GDPR: What it says about data breaches

When it comes to data breaches, GDPR says that companies will need to inform regulators within 72 hours. If one takes the recent Cambridge Analytica and Facebook scandal, the social media giant is still scrambling to figure out how big the impact of this data leak was and Facebook has itself said that a full investigation into other apps could take years. But with GDPR, this deadline of informing users and regulators is now 72 hours. Failure to do this could come with steep fines. 

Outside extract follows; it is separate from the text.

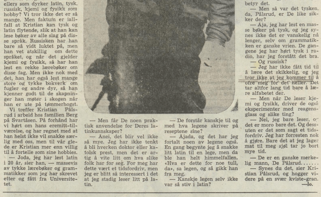 28. september 1962 skreiv Dagningen om en eldre skogsarbeider som lærte seg tysk og latin — sistnevnte litt mer imponerende enn førstnevnte. Han var enslig og trengte et tidsfordriv, og radio og annet moderne hadde ikke den hele sterke appellen. At han bodde ganske ulendt til gjorde at TV forsvant ut av bildet. Men svaret han ga på hvorfor han leste ting som latin, er av de bedre: «Jeg har ikke tenkt å bli hverken doktor eller katolsk prest, men det er artig å vite litt om hva slike folk har for seg». Litt ville han vite, men det måtte ikke gå for langt heller, som for eksempel å få vite mer om en katolsk prest sitt virke ved å overvære en katolsk messe. Det hadde han aldri vært på.

EU GDPR: What needs to be told to the data subject

According to Article 13,  GDPR says that the subject or the user needs to be made aware of the "identity and the contact details of the controller and, where applicable, of the controller’s representative," when their personal data is being collected. Companies are also asked to tell users about the contact details of the data protection officer, where it is applicable.  More importantly, companies will have to tell the users, "the purposes of the processing for which the personal data are intended as well as the legal basis for the processing." If the data will transfered to a third country, then too companies need to alert the user.  

EU GDPR: Data protection by design

One of the key principles of GDPR is that it calls for 'data protection by design.'  According to Article 25, the controller needs to "implement appropriate technical and organisational measures, such as pseudonymisation, which are designed to implement data-protection principles, such as data minimisation." It also notes that the controller needs to ensure that only personal data is collected which is needed. They will also need to make sure that an individual's personal data is not made accessible to other persons without the user's intervention or explicit permission. 

GDPR: What does it say regarding data storage and processing?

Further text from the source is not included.